Problem details ::
Everything from the line that contains "乍浦路桥随手一拍都好有氛围 穿上驼色大衣完全高干文女主" through the last line below should be transcribed exactly, except the pictures.

◇ ◇ ◇ ◇ ◇

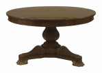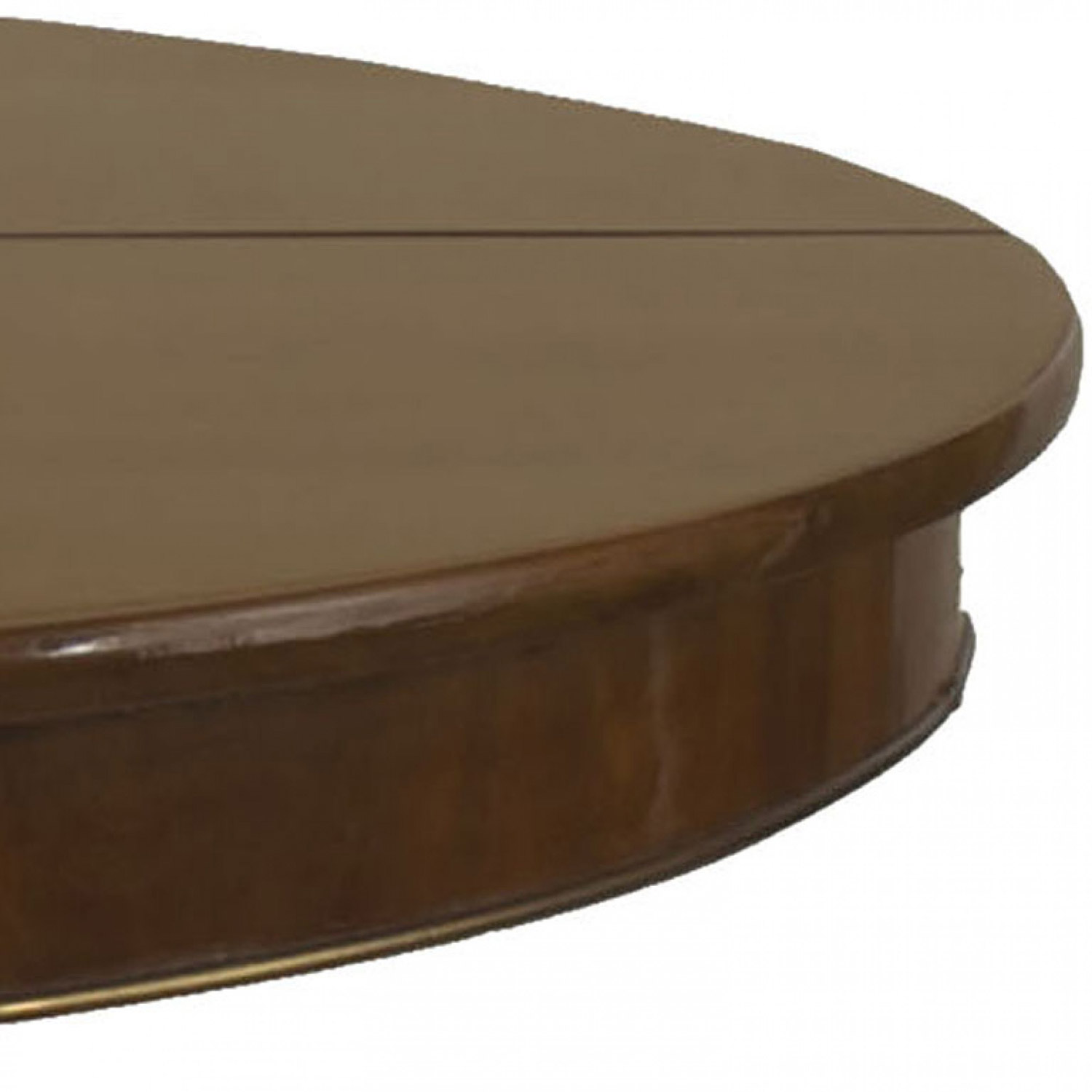 2 English Regency-style mahogany round (extension) dining tables with a tripartite carved scroll design pedestal and brass trim and replaced claw feet. (Each table has 2-30" leaves and 2-24" leaves; approx. 11' each) (2-PRICED EACH)
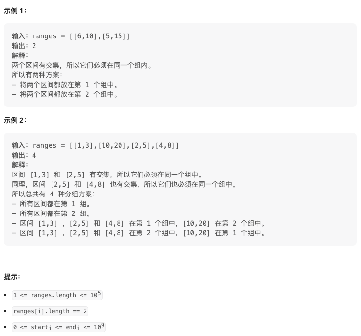 https://leetcode.cn/problems/count-ways-to-group-overlapping-ranges/
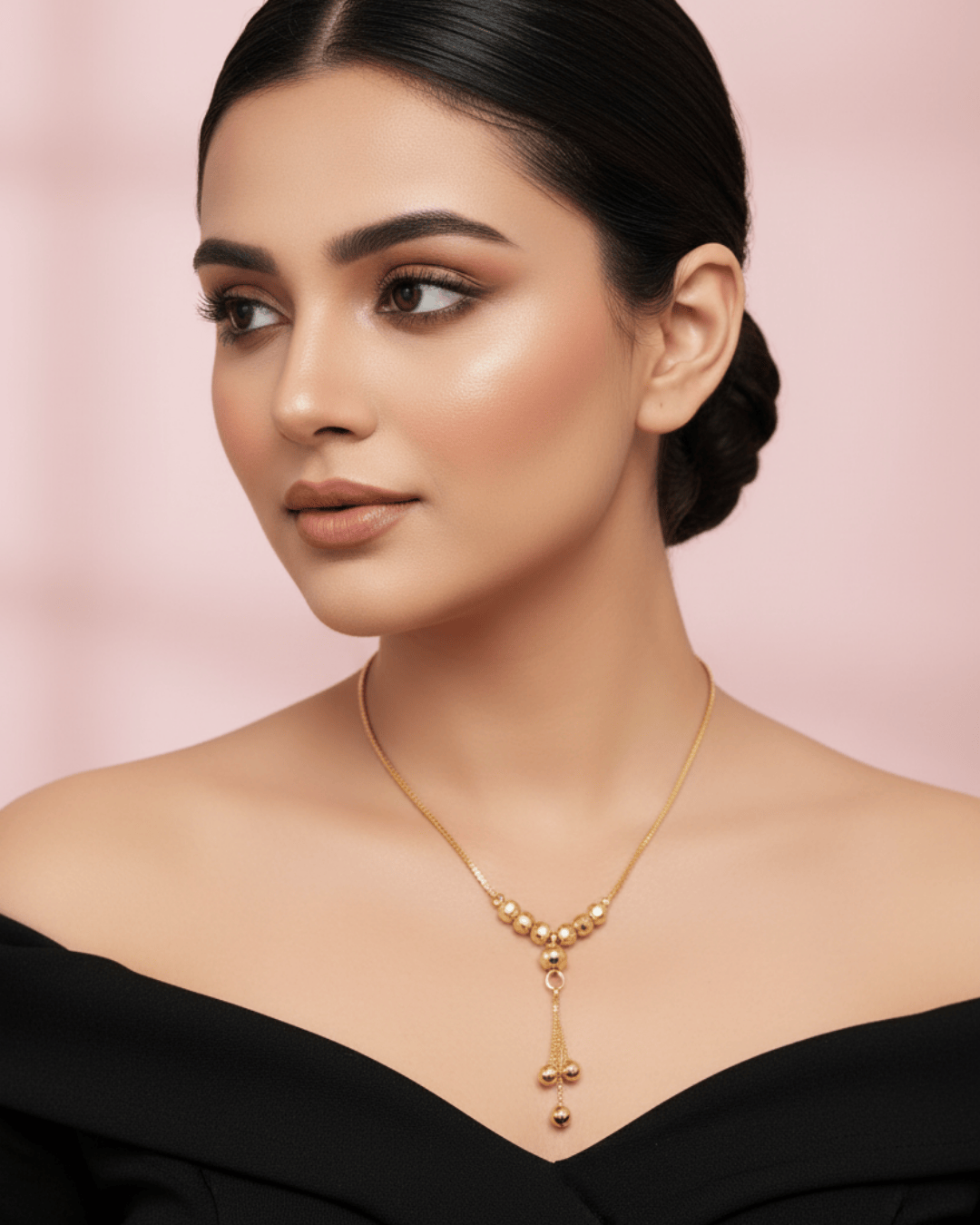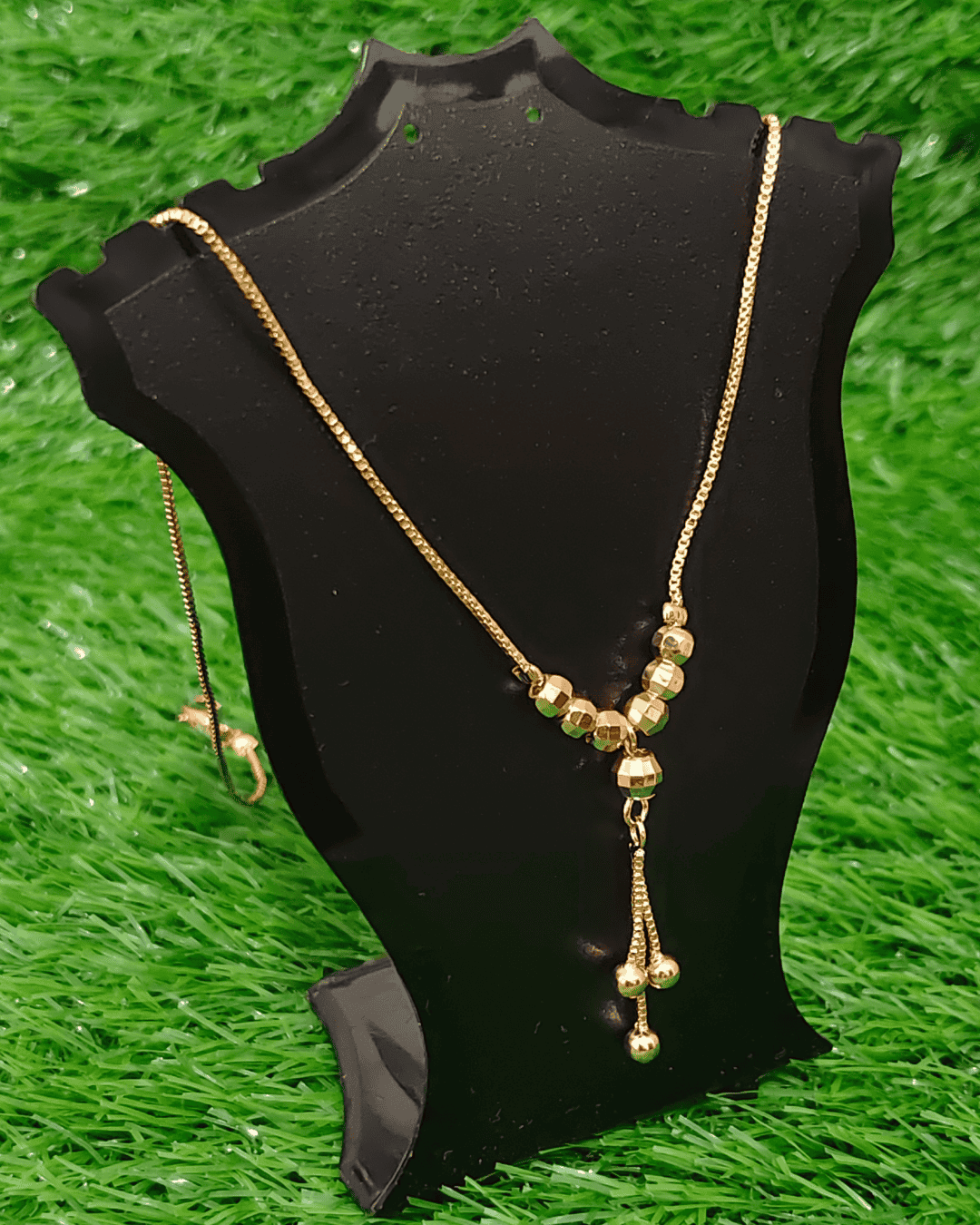 • Design & Structure: This is a streamlined Lariat or Y-style necklace. It features a finely woven, high-quality box chain that adds texture and strength. The chain gracefully dips to a pendant section anchored by stylish, faceted gold-toned beads.
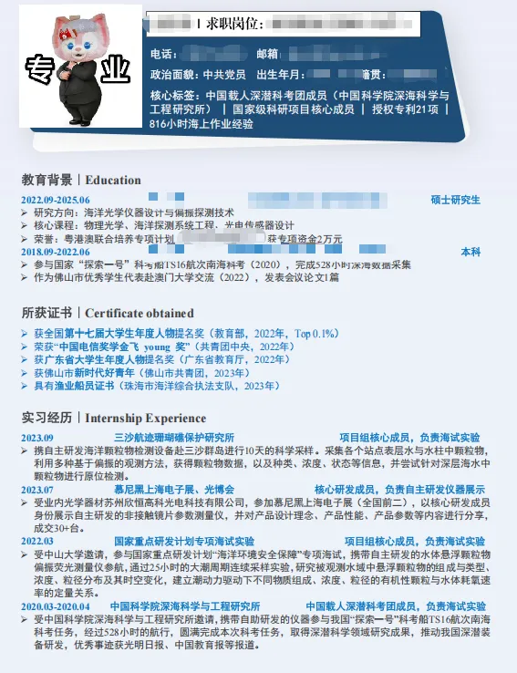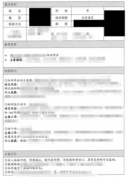 简历2:佛山大学一位学生的简历(部分)。点击打开,谁看了不竖起大拇指。
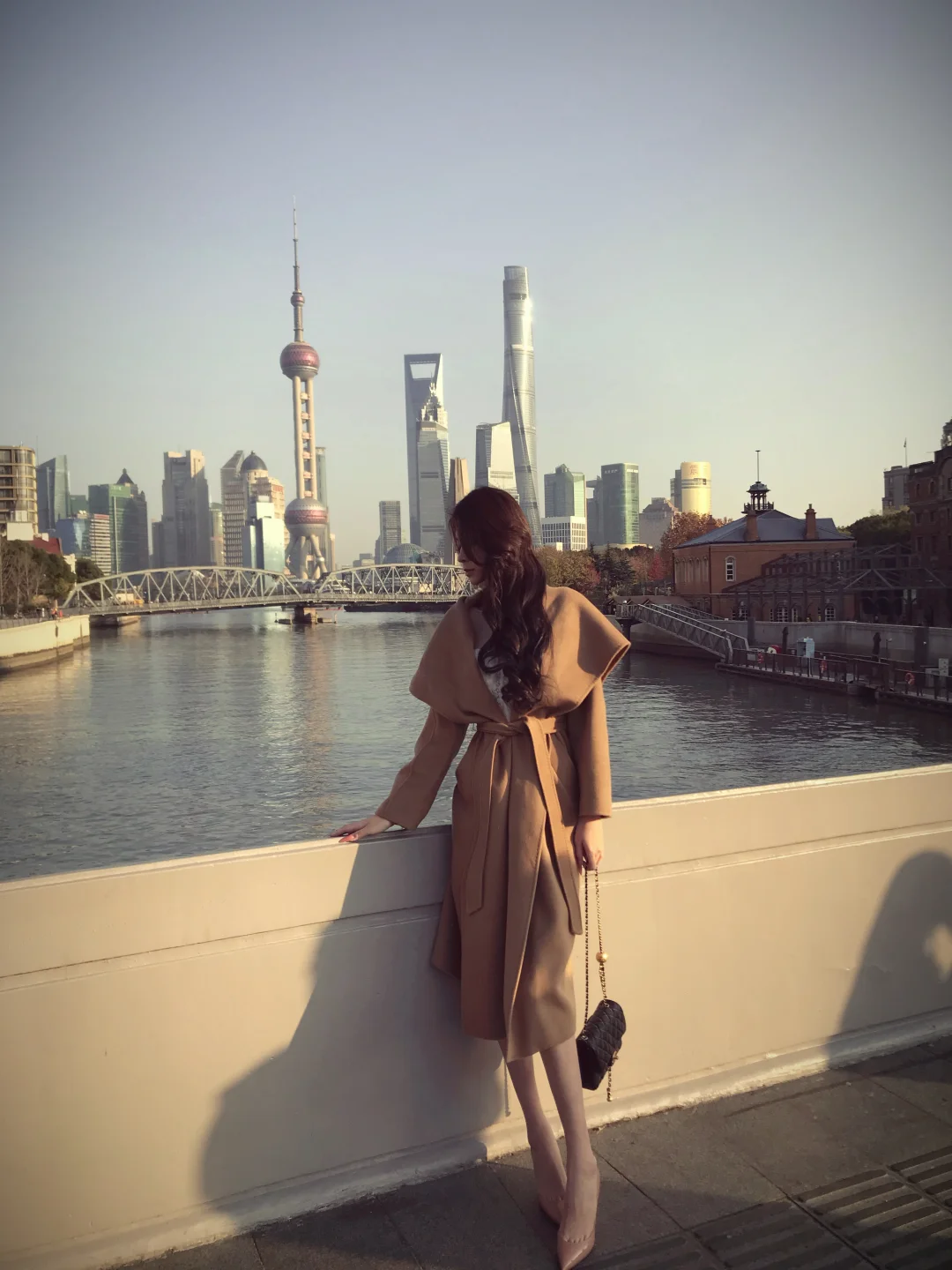 乍浦路桥随手一拍都好有氛围 穿上驼色大衣完全高干文女主
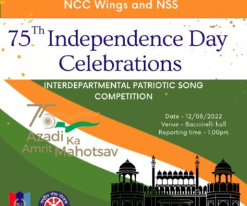 Office of the Dean, Student Affairs in collaboration with NCC Wings and the NSS is conducting an Inter-Departmental Patriotic Song Competition as part of the 75th Independence Day Celebrations!

◇ ◇ ◇ ◇ ◇

Result for this task ::
 乍浦路桥随手一拍都好有氛围 穿上驼色大衣完全高干文女主
 Office of the Dean, Student Affairs in collaboration with NCC Wings and the NSS is conducting an Inter-Departmental Patriotic Song Competition as part of the 75th Independence Day Celebrations!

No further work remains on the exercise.